Today, the Federal Circuit released two opinions, one precedential and one nonprecedential, both in patent cases. The precedential opinion, which inspired six amici briefs, addresses obviousness-type double patenting. The nonprecedential opinion involves a consolidated appeal of two inter partes review decisions, which held all challenged claims invalid on grounds of obviousness. Here are the introductions to the opinions.
In re Cellect, LLC (Precedential Opinion)
Cellect, LLC (“Cellect”) appeals from four ex parte reexamination decisions of the United States Patent and Trademark Office (“USPTO”) Patent Trial and Appeal Board (“the Board”) affirming the unpatentability of: (1) claims 22, 42, 58, and 66 of U.S. Patent 6,982,742 (“the ’742 patent”); (2) claims 1, 17, 19, 21, 22, 27, 49, 55, and 61 of U.S. Patent 6,424,369 (“the ’369 patent”); (3) claims 1, 5, 11, 33, 34, 58, and 64 of U.S. Patent 6,452,626 (“the ’626 patent”); and (4) claims 25–29 and 33 of U.S. Patent 7,002,621 (“the ’621 patent”) for obviousness-type double patenting (“ODP”). Ex parte Cellect LLC, Appeal 2021-005302 (P.T.A.B. Feb. 17, 2020), J.A. 27–49; Ex parte Cellect LLC, Appeal 2021-005046 (P.T.A.B. Feb. 18, 2020), J.A. 51–73; Ex parte Cellect LLC, Appeal 2021-005258 (P.T.A.B. Feb. 19, 2020), J.A. 76–97; Ex parte Cellect LLC, Appeal 2021- 005303 (P.T.A.B. Feb. 16, 2020), J.A. 2–24. For the reasons provided below, we affirm.
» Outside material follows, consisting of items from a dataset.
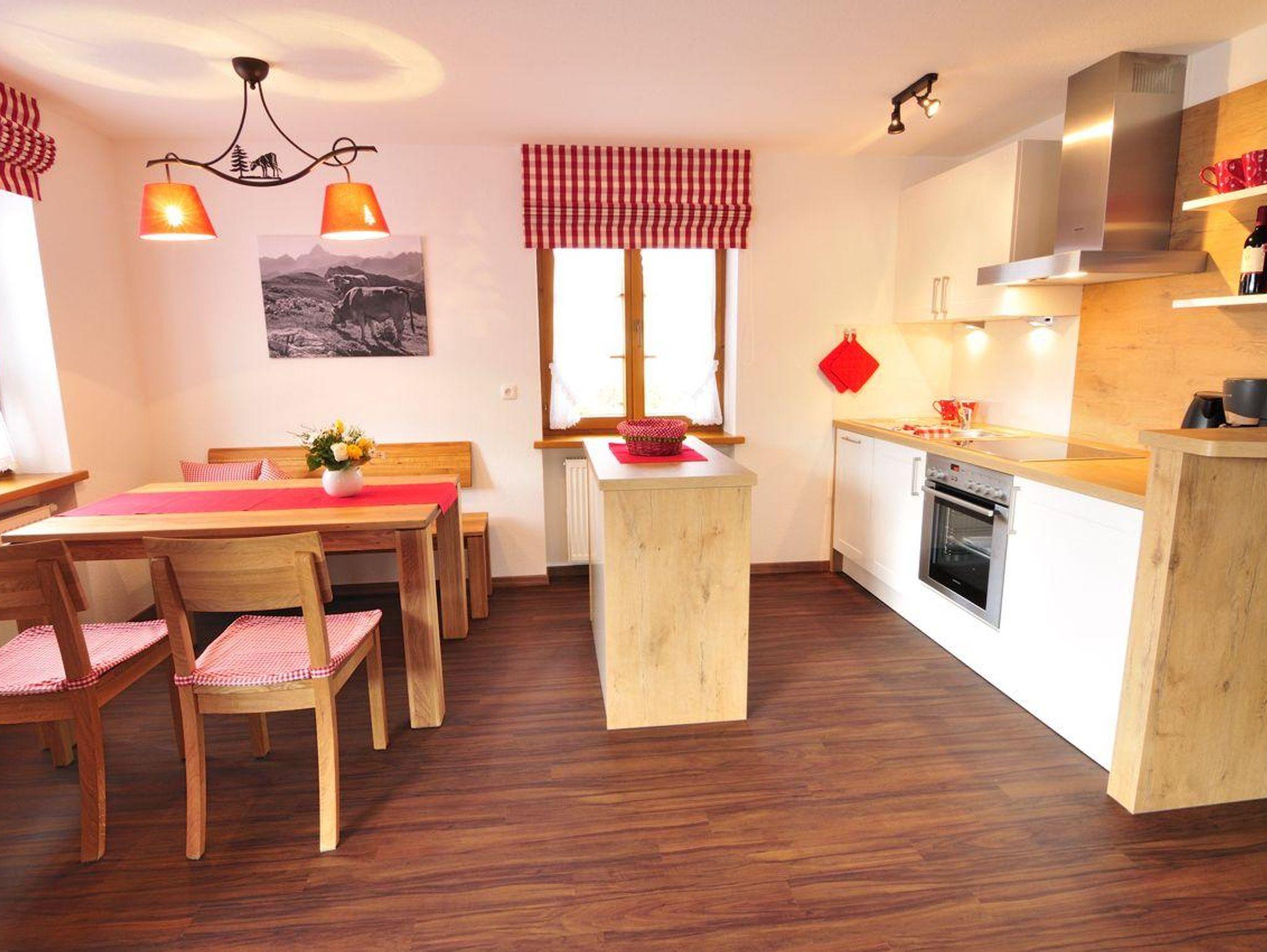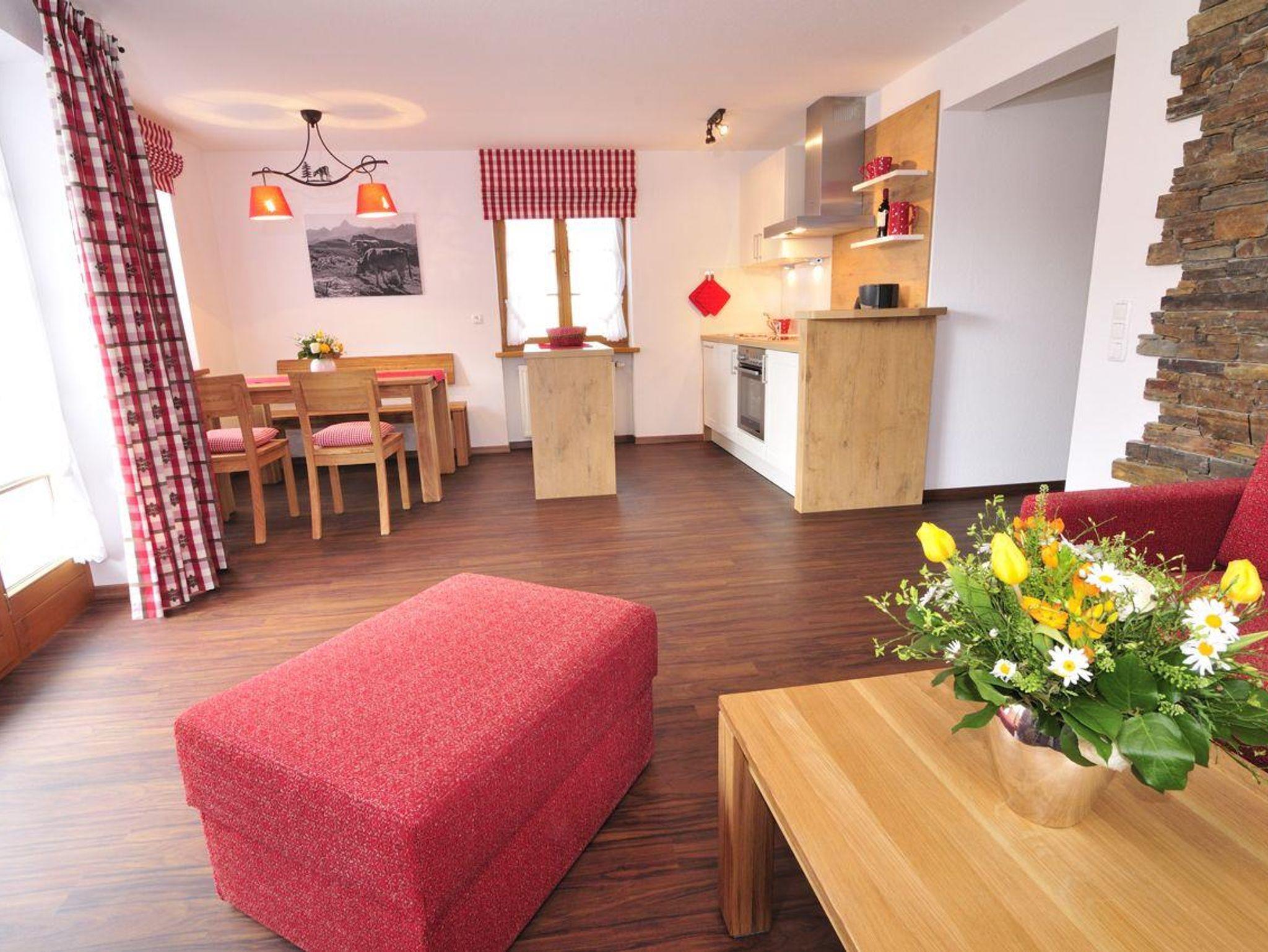 Die Wohnung Abendrot ist 62 m² groß, modern und doch traditionell eingerichtet. Ideal für 2 - 3 Personen. Zirbenholzmöbel im Schlafzimmer (Betten mit Komforthöhe) sorgen für schöne Träume. Hochwertig, gemütlich und vollständig eingerichtet ist unsere Wohnküche. Die Wohnung verfügt über einen separaten Eingang, einen Westbalkon, Flachbild-Kabel-TV, WLAN, Radio und Parkplatz direkt am Haus. Kinder sind bei uns herzlich Willkommen.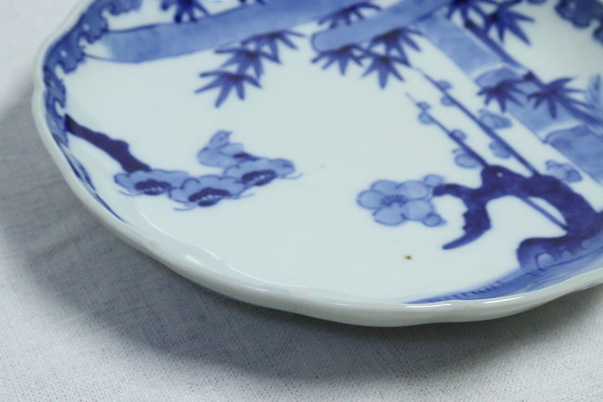 | メーカー | 4枚組 印判 染付 捻り 微塵唐草 松竹梅 七寸皿 明治前期染付松竹梅図7寸皿 |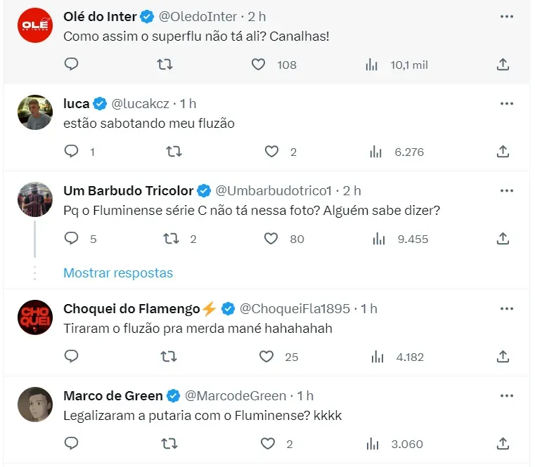 Nas redes sociais, a Conmebol fez uma arte das semifinais da Copa Libertadores e não incluiu o Fluminense na postagem, o que acabou gerando revolta por parte dos torcedores do Flu e, claro, gozações por parte dos rivais, especialmente os estrangeiros. Veja abaixo.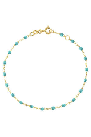 This simple classic gigi bracelet in turquoise handmade in the south of France and has a length of 6.7 inches, adjustable to 6.4 inches. It's an easy fit wherever you go, worn as a single strand or layered. The classic gigi collectsion is a celebration of life, color, and you. TURQUOISE GREEN + 18K YELLOW GOLD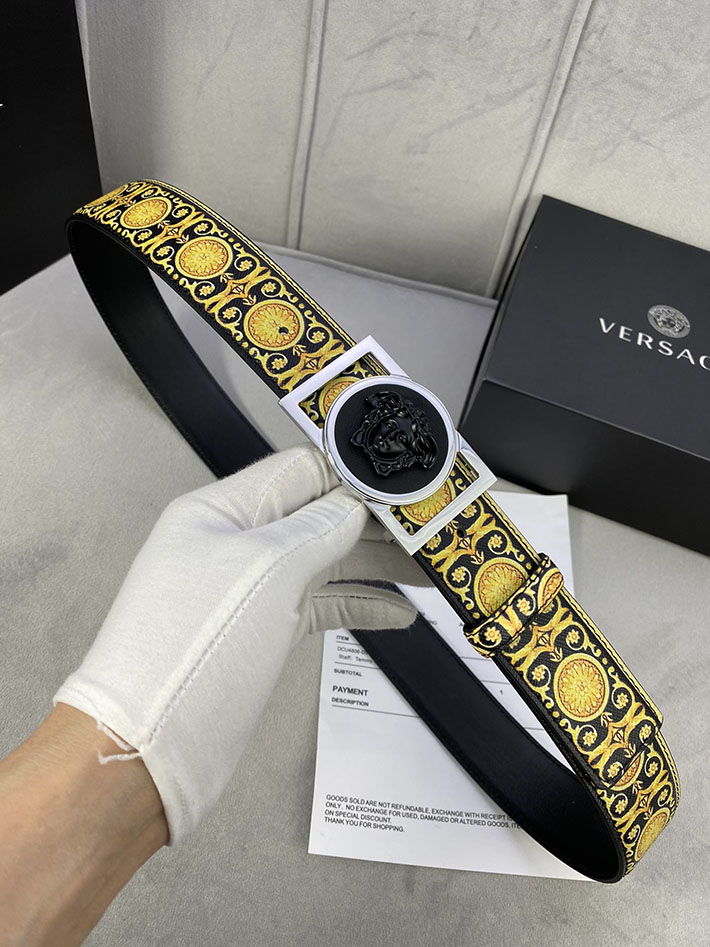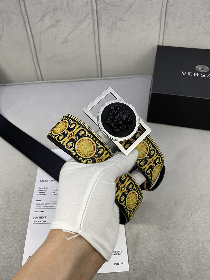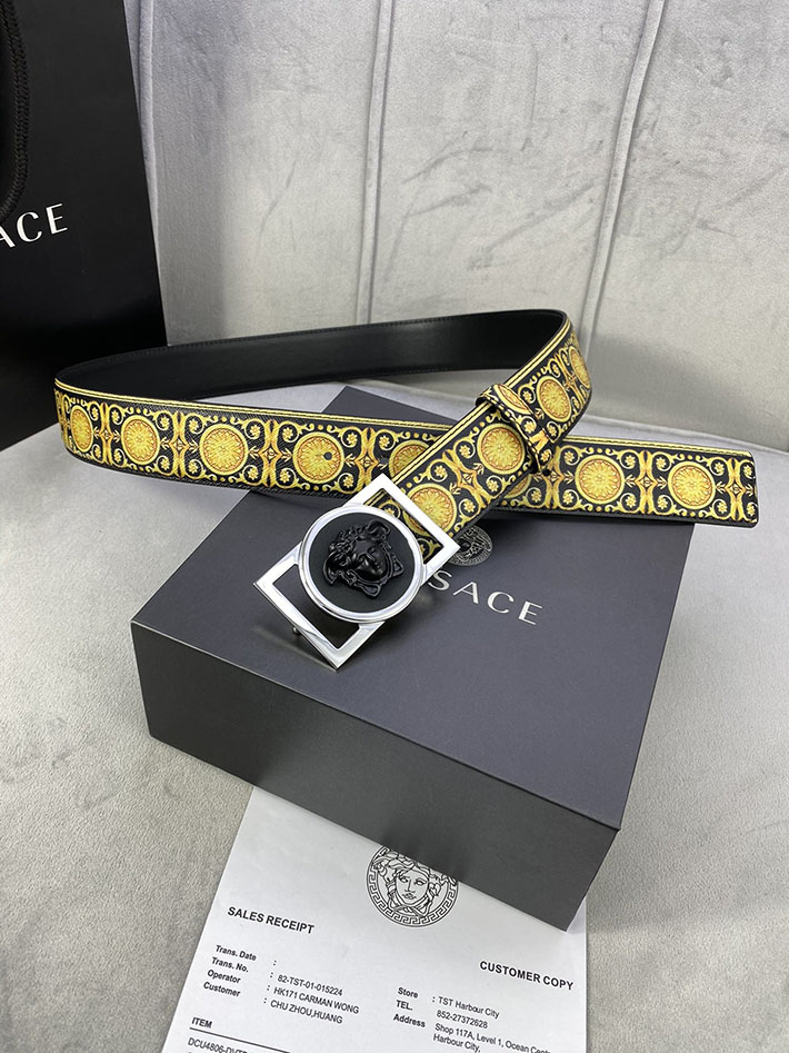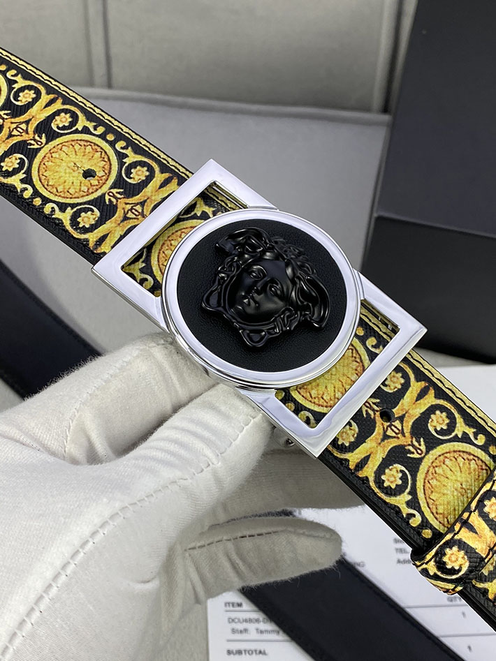 最高級ヴェルサーチェスーパーコピー ヴェルサーチェベルトコピー ブラック 40MM シルバー金具 2518835 ベルト メンズ おしゃれ ブランド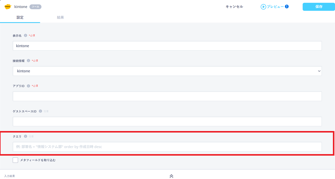「kintone」の設定項目「クエリ」をご使用ください。クエリの詳細は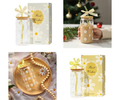 Sip in style! ☕ The KMCCUMBER Cute Glass Cups with Lid & Straw are perfect for iced coffee, daisy vibes, and gifting your favorite coffee lover! 💛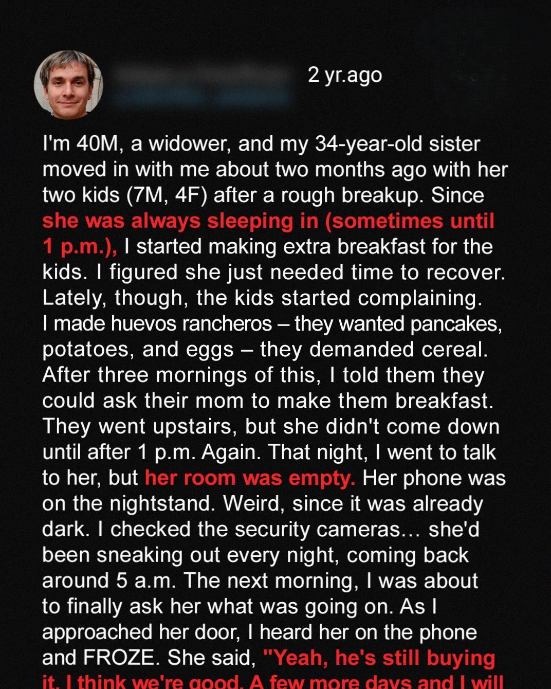 So I built a quiet life. Mornings were mine. Nights too. It wasn’t exciting, but it was peaceful. Until two months ago, when Jenny, my 34-year-old sister, called just after midnight. She was crying so hard I couldn’t even understand her at first.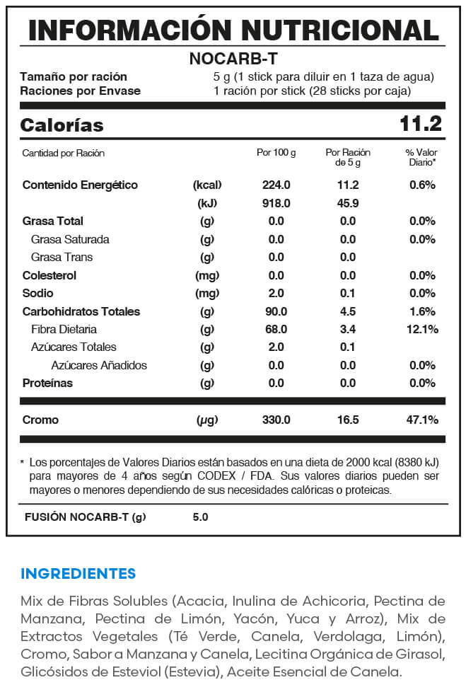 FIBRAS SOLUBLES (FIBRA DE YACÓN + FIBRA DE ACACIA + INULINA DE ACHICORIA + PECTINA DE MANZANA) + VERDOLAGA + CANELA + TÉ VERDE + CROMO

Universal Electronics, Inc. v. Roku, Inc. (Nonprecedential Opinion)
This is a consolidated appeal of two inter partes review (IPR) decisions, on petitions filed by Roku, Inc. seeking invalidation of certain claims of U.S. Patent No. 7,821,504 (“’504 patent”) and U.S. Patent No. 7,821,505 (“’505 patent”), owned by Universal Electronics, Inc. (“UEI”). The Patent Trial and Appeal Board (“PTAB” or “Board”) held all the challenged claims invalid on the ground of obviousness; viz., claims 1 and 5 of the ’504 patent and claims 5–7, 9, 10, 12, 49, and 51 of the ’505 patent. We affirm the Board’s decisions.